Input material Block Start
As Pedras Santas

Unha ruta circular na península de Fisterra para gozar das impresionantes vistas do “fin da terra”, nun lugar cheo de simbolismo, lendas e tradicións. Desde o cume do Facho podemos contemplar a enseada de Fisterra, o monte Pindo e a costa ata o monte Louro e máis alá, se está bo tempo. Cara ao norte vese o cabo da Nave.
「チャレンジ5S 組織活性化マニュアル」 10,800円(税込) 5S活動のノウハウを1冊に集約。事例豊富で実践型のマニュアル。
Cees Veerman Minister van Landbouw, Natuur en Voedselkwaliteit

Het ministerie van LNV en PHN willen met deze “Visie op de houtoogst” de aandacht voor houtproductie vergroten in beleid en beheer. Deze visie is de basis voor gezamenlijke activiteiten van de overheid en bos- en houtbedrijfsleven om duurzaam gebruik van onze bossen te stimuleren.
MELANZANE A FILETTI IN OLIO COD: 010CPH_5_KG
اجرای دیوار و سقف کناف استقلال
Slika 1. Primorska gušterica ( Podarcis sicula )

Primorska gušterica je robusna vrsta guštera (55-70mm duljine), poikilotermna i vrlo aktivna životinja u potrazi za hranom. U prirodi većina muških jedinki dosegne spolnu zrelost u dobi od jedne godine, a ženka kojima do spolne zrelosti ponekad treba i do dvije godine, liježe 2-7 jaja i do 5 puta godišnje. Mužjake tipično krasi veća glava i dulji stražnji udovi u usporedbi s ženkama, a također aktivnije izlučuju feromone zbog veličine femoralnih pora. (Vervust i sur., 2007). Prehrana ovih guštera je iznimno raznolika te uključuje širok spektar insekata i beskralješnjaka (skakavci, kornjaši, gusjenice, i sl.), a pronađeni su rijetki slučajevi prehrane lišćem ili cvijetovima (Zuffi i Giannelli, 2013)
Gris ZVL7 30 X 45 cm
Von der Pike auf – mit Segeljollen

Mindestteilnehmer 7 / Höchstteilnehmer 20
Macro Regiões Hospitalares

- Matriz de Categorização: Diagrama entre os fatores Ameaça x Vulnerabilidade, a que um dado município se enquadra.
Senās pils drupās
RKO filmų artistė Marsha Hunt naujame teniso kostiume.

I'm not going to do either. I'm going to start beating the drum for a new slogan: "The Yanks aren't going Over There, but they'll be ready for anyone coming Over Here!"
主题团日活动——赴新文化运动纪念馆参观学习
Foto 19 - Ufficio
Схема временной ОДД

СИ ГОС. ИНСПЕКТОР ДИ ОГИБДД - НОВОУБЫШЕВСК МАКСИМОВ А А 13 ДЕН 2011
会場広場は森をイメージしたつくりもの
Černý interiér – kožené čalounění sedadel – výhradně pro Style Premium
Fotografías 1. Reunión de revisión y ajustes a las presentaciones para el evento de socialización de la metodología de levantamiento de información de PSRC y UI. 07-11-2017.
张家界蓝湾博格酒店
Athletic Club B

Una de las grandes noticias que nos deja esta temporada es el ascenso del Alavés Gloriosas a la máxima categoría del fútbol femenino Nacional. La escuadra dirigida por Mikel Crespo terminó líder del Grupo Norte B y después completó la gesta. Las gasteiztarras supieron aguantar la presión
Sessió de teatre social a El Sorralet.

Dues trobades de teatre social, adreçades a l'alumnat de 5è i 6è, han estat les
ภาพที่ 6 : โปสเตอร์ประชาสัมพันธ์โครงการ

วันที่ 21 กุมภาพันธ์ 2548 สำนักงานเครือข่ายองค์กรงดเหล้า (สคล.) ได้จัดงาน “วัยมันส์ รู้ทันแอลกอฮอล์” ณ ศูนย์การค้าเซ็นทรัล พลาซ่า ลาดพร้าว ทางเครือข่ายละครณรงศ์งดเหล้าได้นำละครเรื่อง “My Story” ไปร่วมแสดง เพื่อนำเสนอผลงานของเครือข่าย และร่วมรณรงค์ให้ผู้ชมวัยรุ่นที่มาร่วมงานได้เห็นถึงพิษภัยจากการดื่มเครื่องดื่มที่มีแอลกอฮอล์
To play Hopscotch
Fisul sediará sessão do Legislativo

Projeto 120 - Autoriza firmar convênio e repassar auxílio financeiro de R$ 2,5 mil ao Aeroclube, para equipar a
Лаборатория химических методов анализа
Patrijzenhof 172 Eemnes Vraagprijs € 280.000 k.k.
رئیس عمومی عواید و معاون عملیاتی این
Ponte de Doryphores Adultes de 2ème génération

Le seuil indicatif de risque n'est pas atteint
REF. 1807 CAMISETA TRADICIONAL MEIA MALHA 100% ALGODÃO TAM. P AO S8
Input material Block End
■ Your task
The answer should contain only the lines from the first line of the entries through the line holding "Slika 1. Primorska", each exactly as written.

■ Result of the task
As Pedras Santas

Unha ruta circular na península de Fisterra para gozar das impresionantes vistas do “fin da terra”, nun lugar cheo de simbolismo, lendas e tradicións. Desde o cume do Facho podemos contemplar a enseada de Fisterra, o monte Pindo e a costa ata o monte Louro e máis alá, se está bo tempo. Cara ao norte vese o cabo da Nave.
「チャレンジ5S 組織活性化マニュアル」 10,800円(税込) 5S活動のノウハウを1冊に集約。事例豊富で実践型のマニュアル。
Cees Veerman Minister van Landbouw, Natuur en Voedselkwaliteit

Het ministerie van LNV en PHN willen met deze “Visie op de houtoogst” de aandacht voor houtproductie vergroten in beleid en beheer. Deze visie is de basis voor gezamenlijke activiteiten van de overheid en bos- en houtbedrijfsleven om duurzaam gebruik van onze bossen te stimuleren.
MELANZANE A FILETTI IN OLIO COD: 010CPH_5_KG
اجرای دیوار و سقف کناف استقلال
Slika 1. Primorska gušterica ( Podarcis sicula )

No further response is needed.